2/9/2012 9:30:00 AM OBITUARY Bishop Joseph W. Estabrook, 67
A memorial Mass will be offered Feb. 11 at the Cathedral of the Immaculate Conception in Albany, following a funeral Mass Feb. 10 at the Church of the Good Shepherd in Alexandria, Va., for Bishop Joseph Estabrook, auxiliary bishop for the Archdiocese for the Military Services, who died Feb. 4. He was 67 and had been ordained a priest of the Albany Diocese in 1969.
A native of Kingston, he began his priestly ministry as associate pastor at St. Vincent de Paul parish in Albany and was the first Family Life director for the Diocese.
In 1977, he became a U.S. Navy chaplain. He served on ships throughout Europe and at the Marine Corps Development and Education Command in Quantico, Va. In 1983, he was assigned to the Chief of Chaplains office in Washington, DC, then to an aircraft carrier, the USS Carl Vinson.
After graduate studies, he served at the Navy Air Station in Sicily; supported troops in the First Gulf War in Egypt and Saudi Arabia; and served at the Navy Chaplain School in Newport, R.I.

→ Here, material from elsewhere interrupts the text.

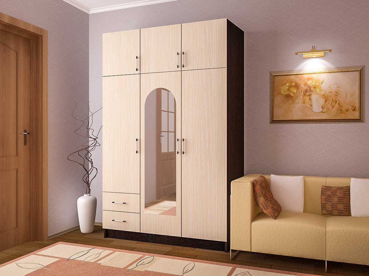 - В квартирах-студиях трехстворчатые шкафы используются с целью зонирования и устанавливаются перпендикулярно стенам.
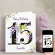 Personlig 15: e födelsedagskortet med åldersnummer 15. Denna blommigt har fet nummer 15, dekorerad med wisterblommor och löv i nyans av lila, lilak, rosa och grönt. Mallen är konfigurerad så att du kan anpassa namn på framsidan och meddelandet inuti.

He was executive assistant to the Navy Chief of Chaplains and an ethics consultant to the Navy Surgeon General and the Department of Defense. He was fleet chaplain to the U.S. Pacific Fleet and senior chaplain of the U.S. Pacific Unified Command from 1997 to 2000, then command chaplain for a Marine Corps base in Hawaii until his ordination as a bishop in 2004.
That year, he retired from the Navy, having earned the rank of captain and awards including the Legion of Merit, Meritorious Service medal, Navy Commendation medal and four Meritorious Unit awards.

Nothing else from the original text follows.